- **EXERCISE INSTRUCTIONS**
Repeat the listing below word for word, minus the pictures.

──────── ENTRIES PROVIDED ────────

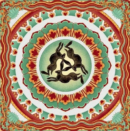“三兔共耳”是发现于敦煌莫高窟中的壁画,画师巧妙地利用兔子耳朵之间的借用与被借用关系,仅利用三只耳朵组成为近似等边的三角形,以“三耳”表“六耳”,使观赏者无论从哪个角度来看,每只兔子都有两只耳朵,营造出三只兔子相互奔跑追逐、循环往复的动感画面(图1)。
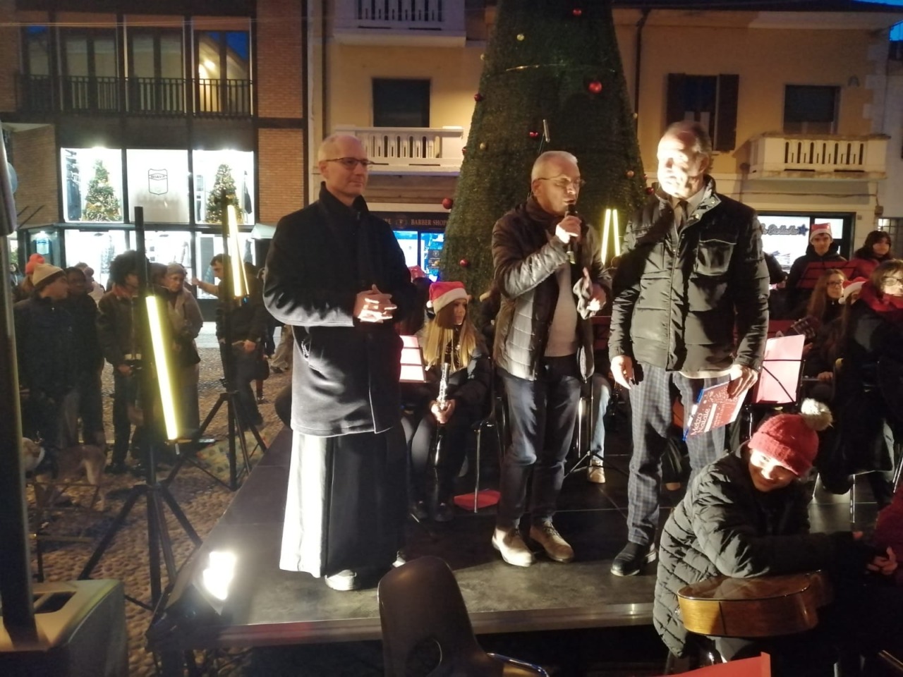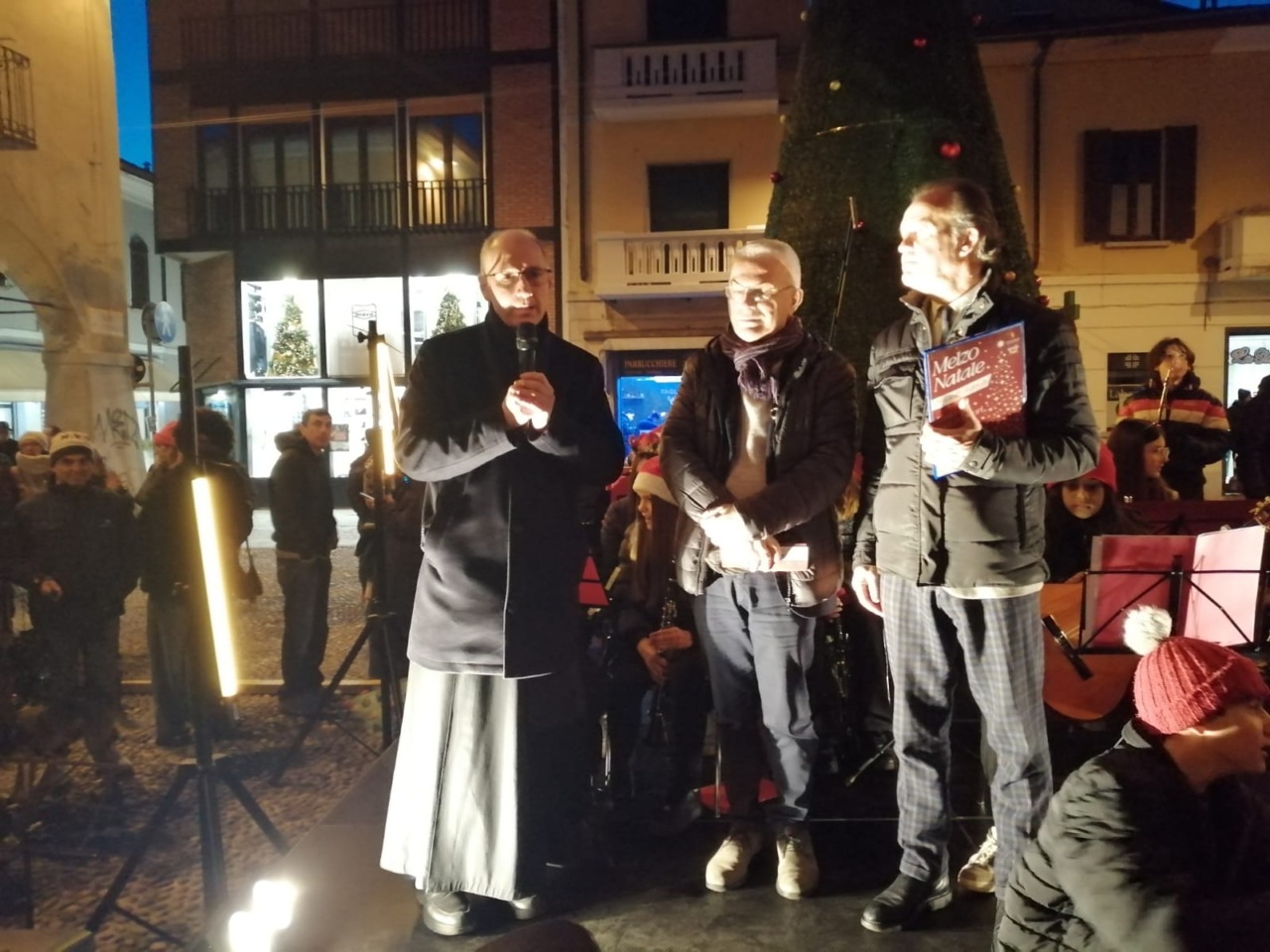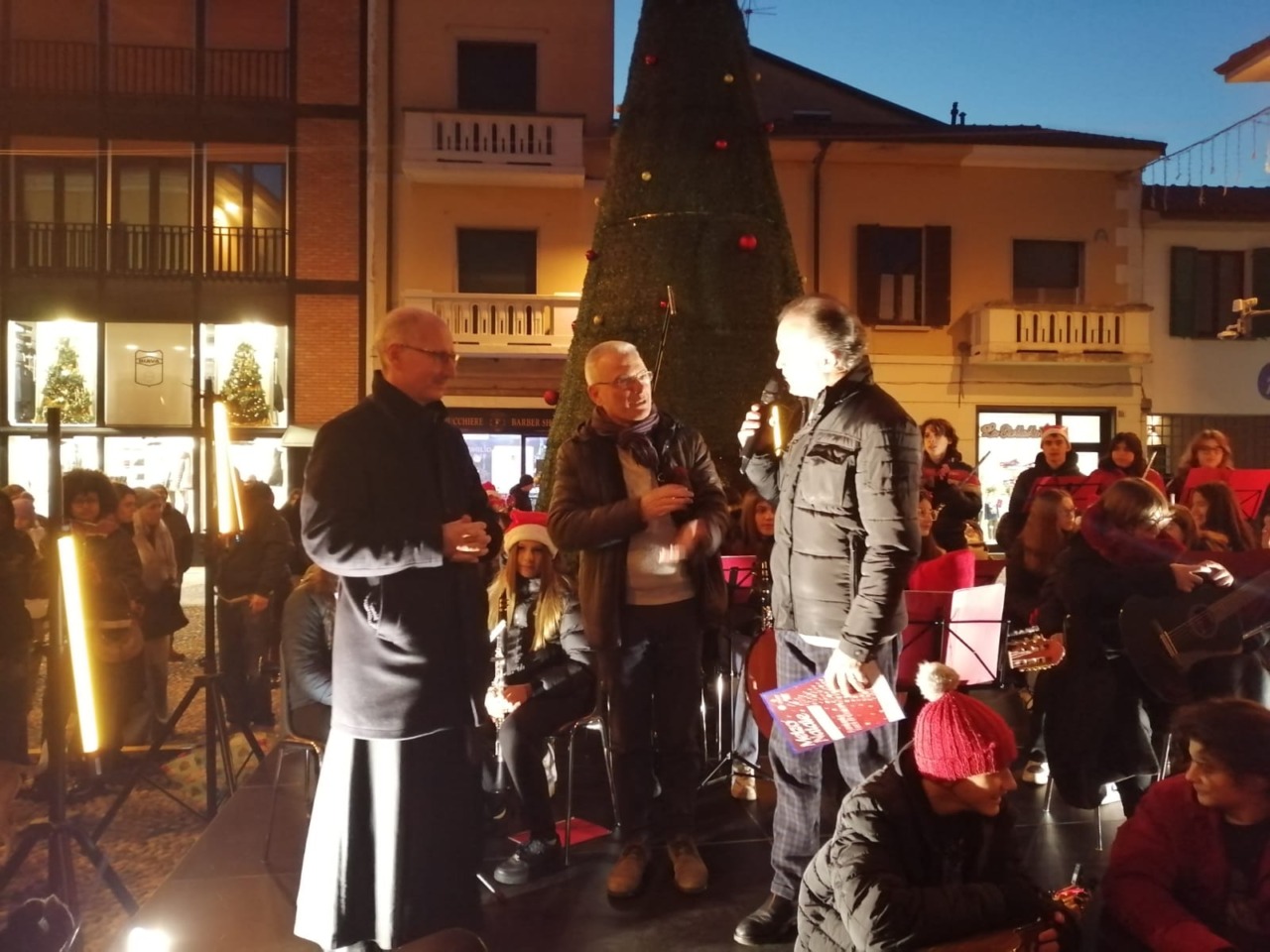 Ringrazio il sindaco per questo invito e ringrazio voi ragazzi perché avete suonato benissimo e ci avete introdotto nel clima natalizio. Ringrazio voi che siete qui presenti e penso che la bellezza di questa accensione di luci che sono una vicina all’altra ci porti a richiamare un messaggio di fraternità per cui ciascuno può essere luce per il fratello e la sorella che ha accanto e per ogni persona che incontra. E questo è veramente bello perché solo così possiamo costruire la pace, la giustizia e la solidarietà che ci devono caratterizzare innanzitutto come uomini e come donne e poi, per chi crede, riconoscendosi figlio di Dio
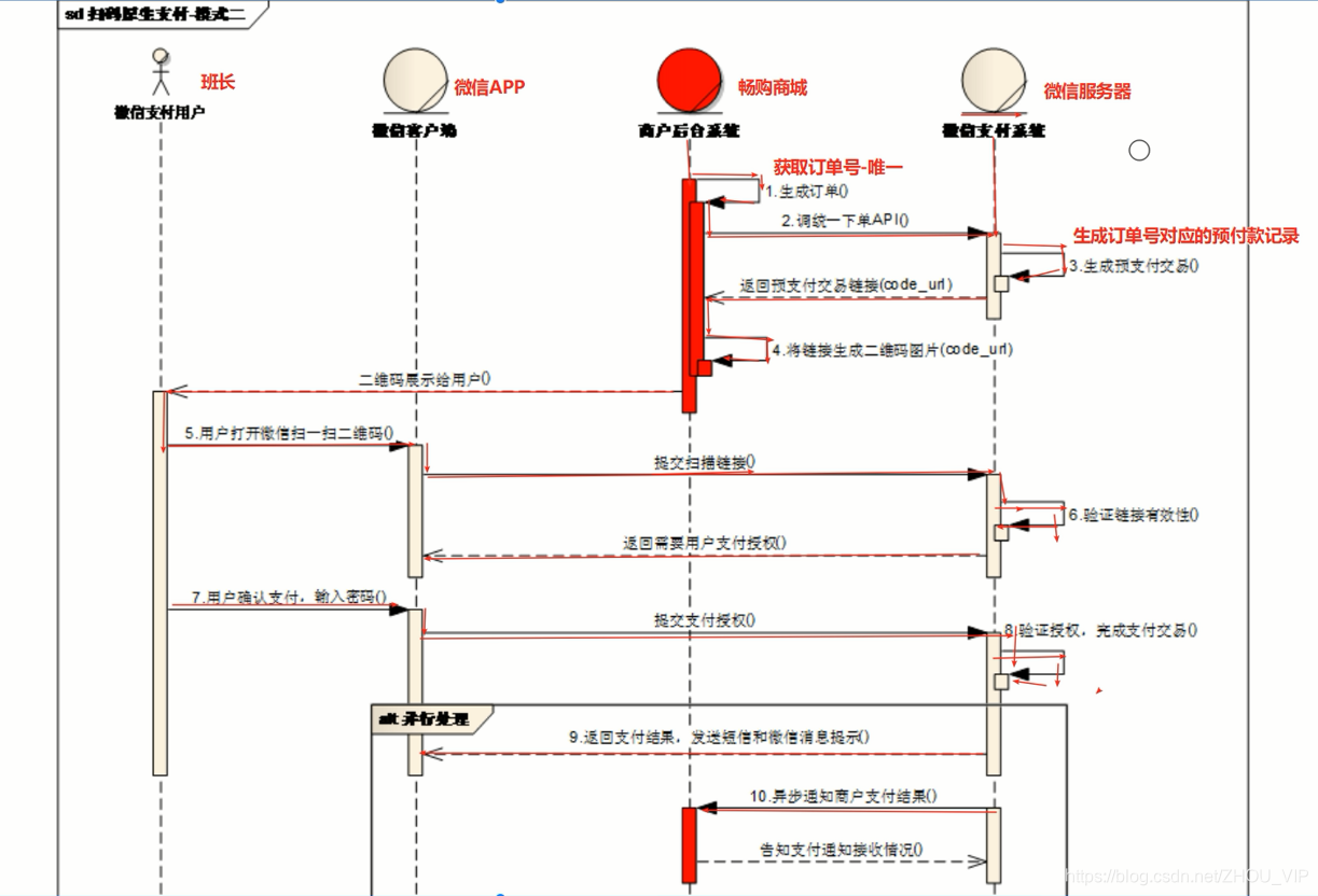 我们通过订单系统下单,然后订单系统调用支付系统去向微信支付的服务器发送请求,然后获取二
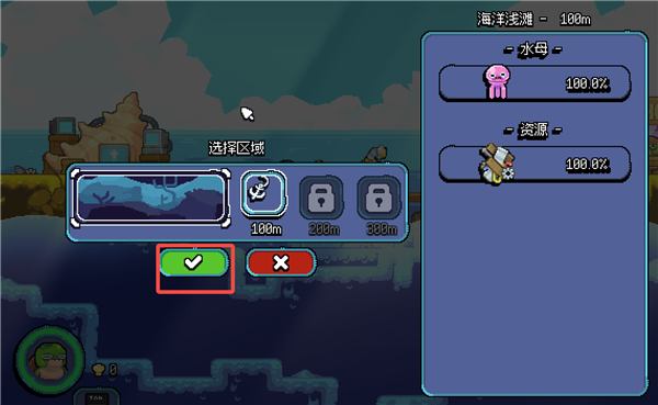 3、选择下潜深度,目前我们只能探索100m的区域,右方展示了该区域拥有的水母以及其他资源。
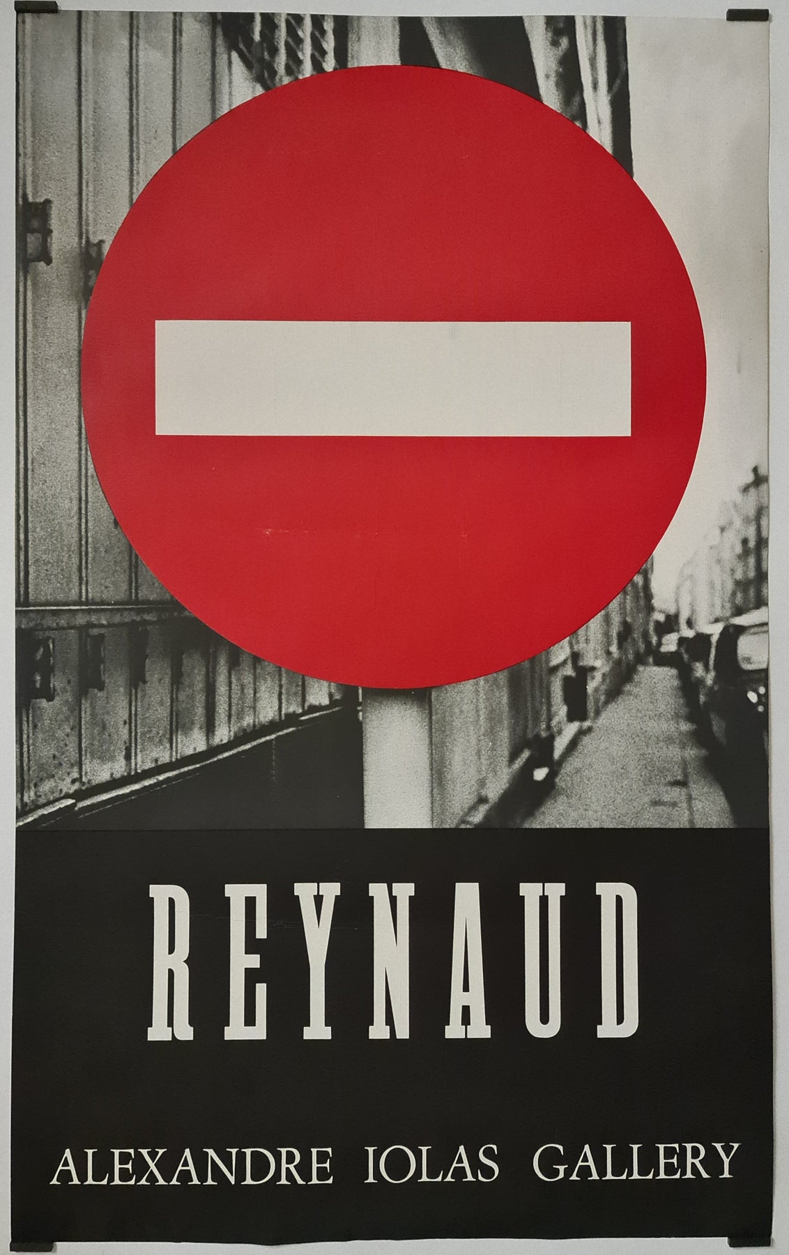 L'affiche « Sens Interdit » reflète vraisemblablement la démarche minimaliste et provocatrice de Raynaud. Son design, simple mais percutant, mettait peut-être en valeur les formes géométriques audacieuses et les couleurs éclatantes qui caractérisent l'artiste. Objet de collection, cette affiche revêt une importance particulière, non seulement de par son lien avec la célèbre galerie Alexandre Iolas, mais aussi comme témoignage de l'œuvre marquante de Raynaud à une période charnière de sa carrière.
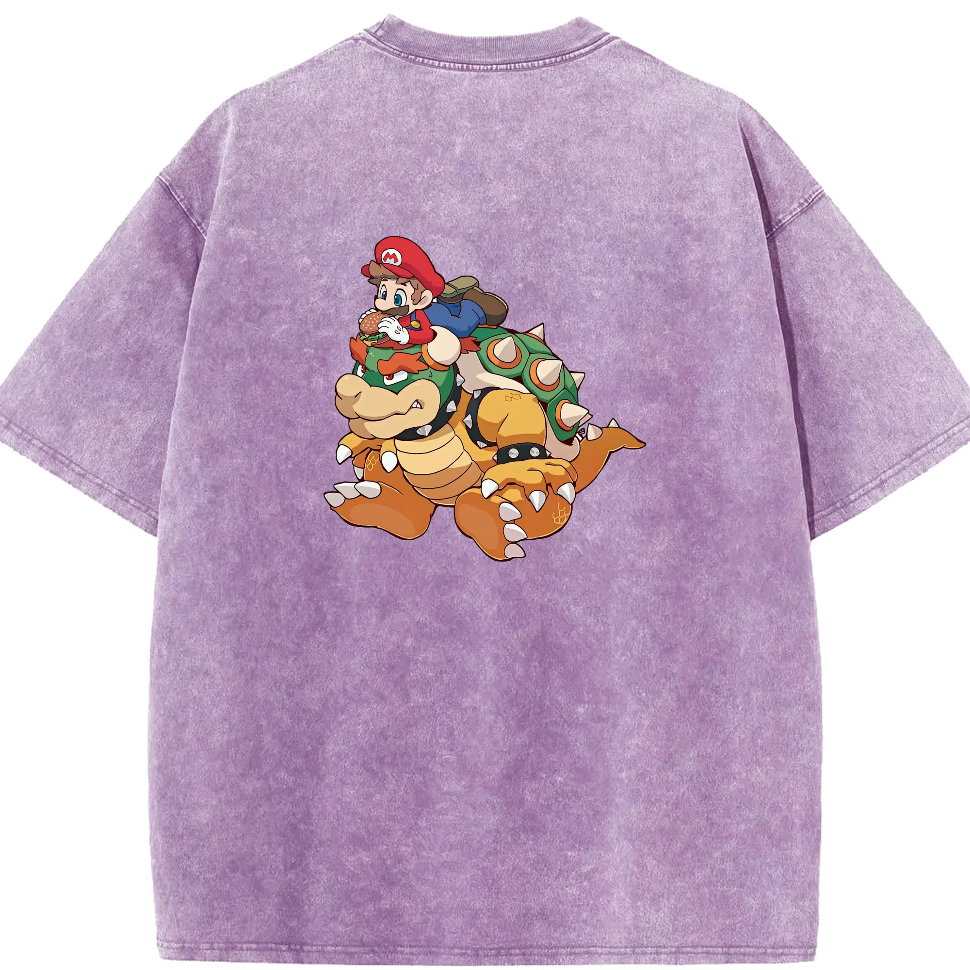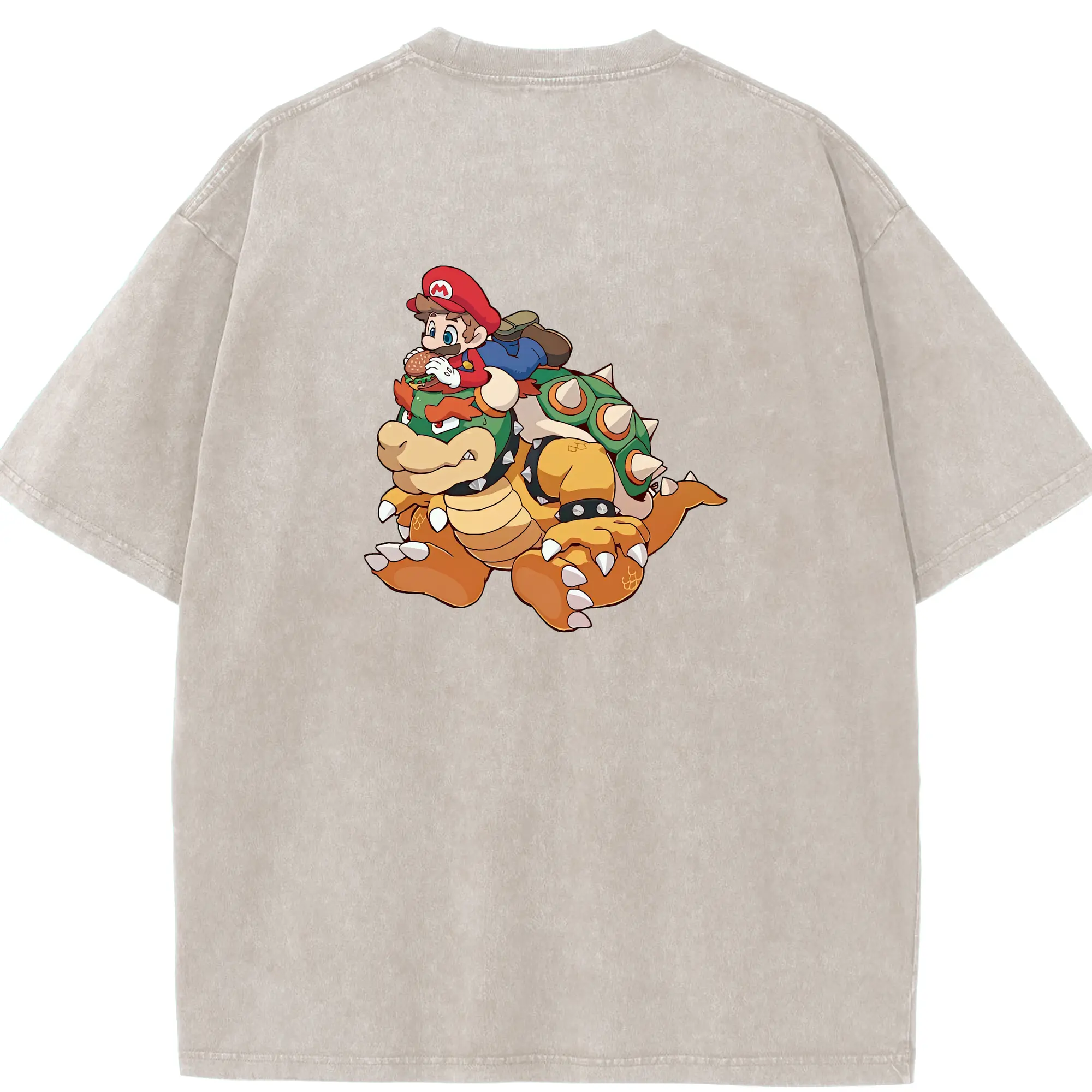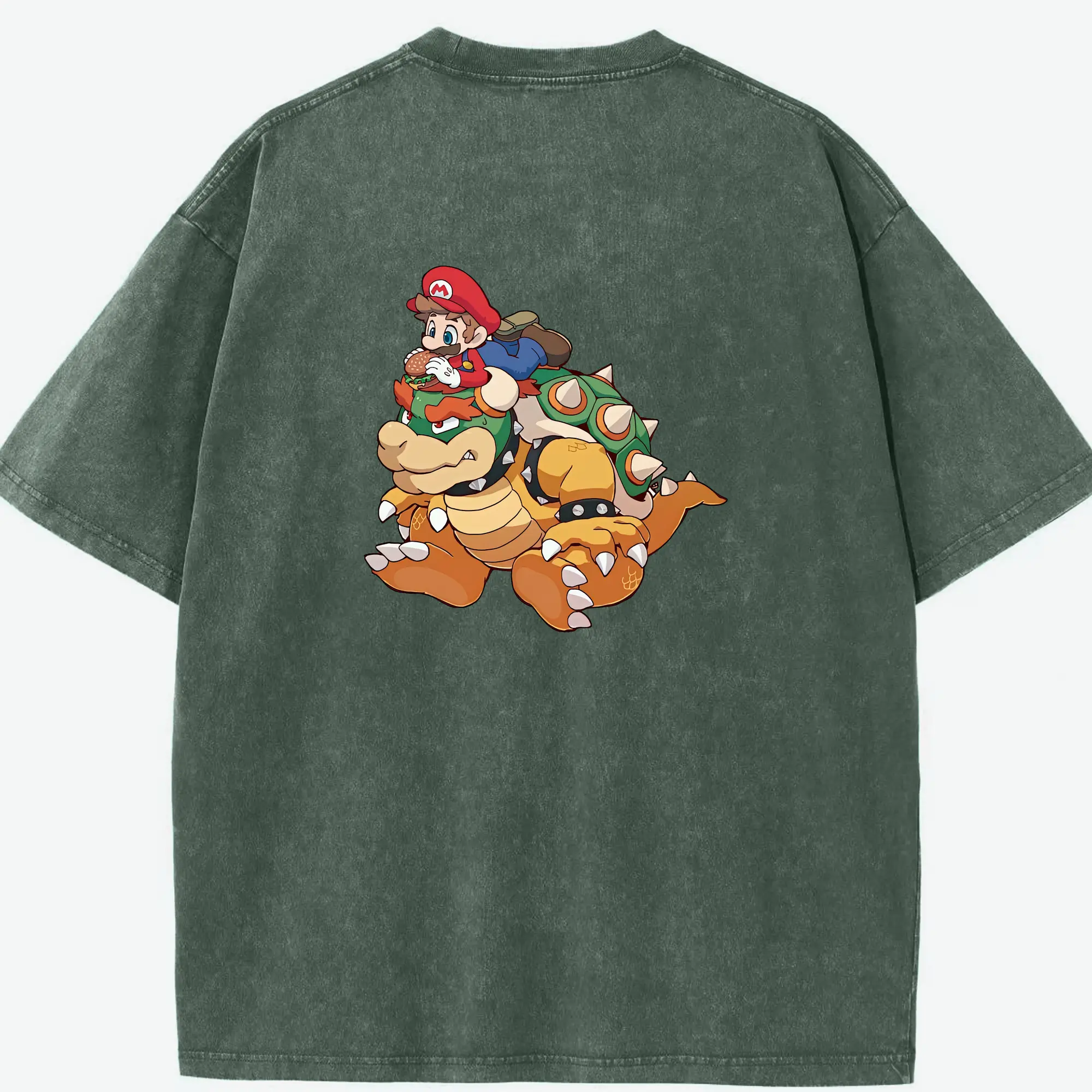 マリオ グッズ クッパ - 綿100% ヴィンテージ風 半袖Tシャツ ・ フロントプリント ・ 柔らか肌触り ・ 通気性 快適 ・ スポーツ カジュアル 外出用

────────

- **EXERCISE RESPONSE**
“三兔共耳”是发现于敦煌莫高窟中的壁画,画师巧妙地利用兔子耳朵之间的借用与被借用关系,仅利用三只耳朵组成为近似等边的三角形,以“三耳”表“六耳”,使观赏者无论从哪个角度来看,每只兔子都有两只耳朵,营造出三只兔子相互奔跑追逐、循环往复的动感画面(图1)。
 Ringrazio il sindaco per questo invito e ringrazio voi ragazzi perché avete suonato benissimo e ci avete introdotto nel clima natalizio. Ringrazio voi che siete qui presenti e penso che la bellezza di questa accensione di luci che sono una vicina all’altra ci porti a richiamare un messaggio di fraternità per cui ciascuno può essere luce per il fratello e la sorella che ha accanto e per ogni persona che incontra. E questo è veramente bello perché solo così possiamo costruire la pace, la giustizia e la solidarietà che ci devono caratterizzare innanzitutto come uomini e come donne e poi, per chi crede, riconoscendosi figlio di Dio
 我们通过订单系统下单,然后订单系统调用支付系统去向微信支付的服务器发送请求,然后获取二
 3、选择下潜深度,目前我们只能探索100m的区域,右方展示了该区域拥有的水母以及其他资源。
 L'affiche « Sens Interdit » reflète vraisemblablement la démarche minimaliste et provocatrice de Raynaud. Son design, simple mais percutant, mettait peut-être en valeur les formes géométriques audacieuses et les couleurs éclatantes qui caractérisent l'artiste. Objet de collection, cette affiche revêt une importance particulière, non seulement de par son lien avec la célèbre galerie Alexandre Iolas, mais aussi comme témoignage de l'œuvre marquante de Raynaud à une période charnière de sa carrière.
 マリオ グッズ クッパ - 綿100% ヴィンテージ風 半袖Tシャツ ・ フロントプリント ・ 柔らか肌触り ・ 通気性 快適 ・ スポーツ カジュアル 外出用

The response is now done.